The year of 1790s marked the midst of the Industrial Revolution in Britain, when the appearance of flying shuttles and the spinning jenny allowed for a massive increase in the production of cotton fabrics and yarn, which, when combined with the advent of the steam engine, led to the creation of large textile factories. Nevertheless, professional clothes-makers, seamstress and housewives would spend many hours a week producing and mending clothing by hand.
Thomas Saint, an English inventor, realised that clothing production should be improved to take advantage of the increase in fabric production. Thus came his patent of a “sewing machine”. However, he did not successfully advertise or market his invention.

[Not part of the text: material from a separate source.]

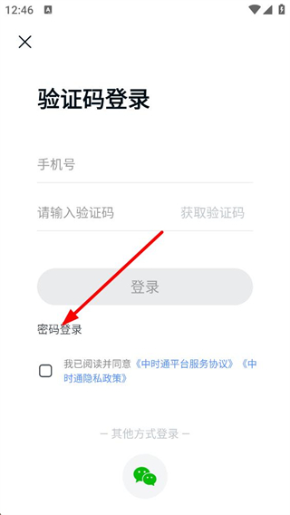 2、進入我的頁面后,顯示驗證碼登錄界面,可填寫手機號獲取驗證碼登錄,也能點擊密碼登錄選項切換登錄方式。

In 1829, the first practical and widely used sewing machine was invented by Barthélemy Thimonnier, a French tailor. Over the next hundred-or-so-years, the sewing machine underwent constant improvements and changes and spread to other parts of Europe and North America.
It could be understood that the invention of the sewing machine marked a new era of the clothing field. Firstly, it changed the life of many women. Traditionally, women just stayed home to do chores and spent several days a week sewing clothing for themselves and their family. Thanks to sewing machines, a housewife could now complete her sewing in a mere several hours, allowing for more free time to pursue hobbies and attain new skills.
Secondly, with the appearance of the sewing machine, home sewing developed into more industrialized activities. Industrial sewing machines, in combination with the cotton gin, the spinning jenny, and the steam engine, made clothing production much easier and much cheaper. Economically speaking, people could afford to buy more clothing more often, marking the beginnings of the clothing industry that we see today.
The sewing machine's effects on the clothing industry resulted in major changes for other industries as well. Cotton production needed to increase in order to match the demand of the new clothing factories. As a result, cotton became planted in new areas where it had not previously been farmed. Similarly, there was an increased demand for thread, metal (for needles and machine parts), and now machinists as well, to fix broken sewing machines. In addition to being important for clothing production, sewing machines also became important in the manufacturing of furniture with upholstery, curtains and towels, toys, books, and many other products.
Since the second half of the twentieth century, continued advancements in the efficiency of the sewing machines themselves and constant increases in the size of garment factories have created greater amounts of clothing. Nowadays, as production demands went up and competition between clothing companies increased, sewing machines are being produced of very high quality and at a competitive price.